---
license: apache-2.0
tags:
  - generated_from_trainer
  - token-classification
  - ner
  - nlp
datasets:
  - conll2003
language:
  - en
pipeline_tag: token-classification
library_name: transformers
base_model: bert-base-uncased
model-index:
  - name: token-classification-ai-fine-tune
    results:
      - task:
          type: token-classification
          name: Named Entity Recognition (NER)
        dataset:
          name: CoNLL-2003
          type: conll2003
        metrics:
          - name: Validation Loss
            type: loss
            value: 0.0474
widget:
  - text: "Apple is buying a U.K. startup for $1 billion"
---

# token-classification-ai-fine-tune

[![Hugging Face](https://img.shields.io/badge/%F0%9F%A4%97%20Hugging%20Face-Model-blue)](https://huggingface.co/bniladridas/token-classification-ai-fine-tune)

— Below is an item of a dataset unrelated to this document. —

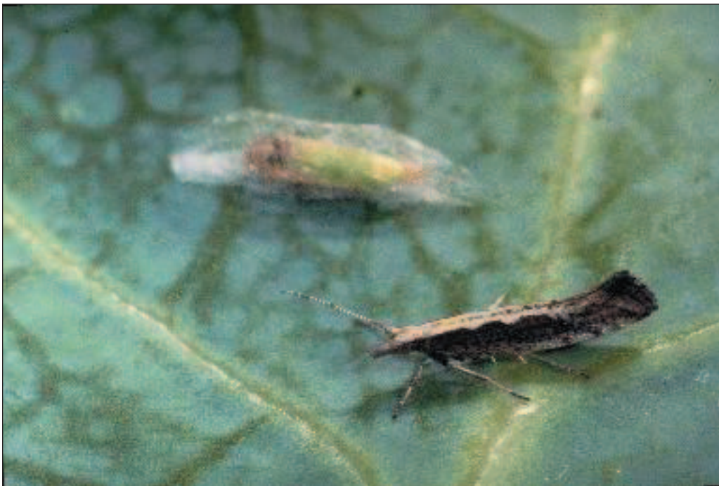
Diamondback pupae and adult.

This model is a fine-tuned version of [bert-base-uncased](https://huggingface.co/bert-base-uncased) on the [CoNLL-2003](https://huggingface.co/datasets/conll2003) dataset. It achieves a validation loss of **0.0474** on the evaluation set.

## Model Description

This is a token classification model fine-tuned for **Named Entity Recognition (NER)**, built on the `bert-base-uncased` architecture. It’s crafted to identify entities (like people, organizations, and locations) in text, optimized here for CPU accessibility. Uploaded by [bniladridas](https://huggingface.co/bniladridas), it delivers strong NER performance on the CoNLL-2003 benchmark. For a GPU-accelerated version with CUDA support, see the [GitHub repository](https://github.com/bniladridas/token-classification-ai-fine-tune).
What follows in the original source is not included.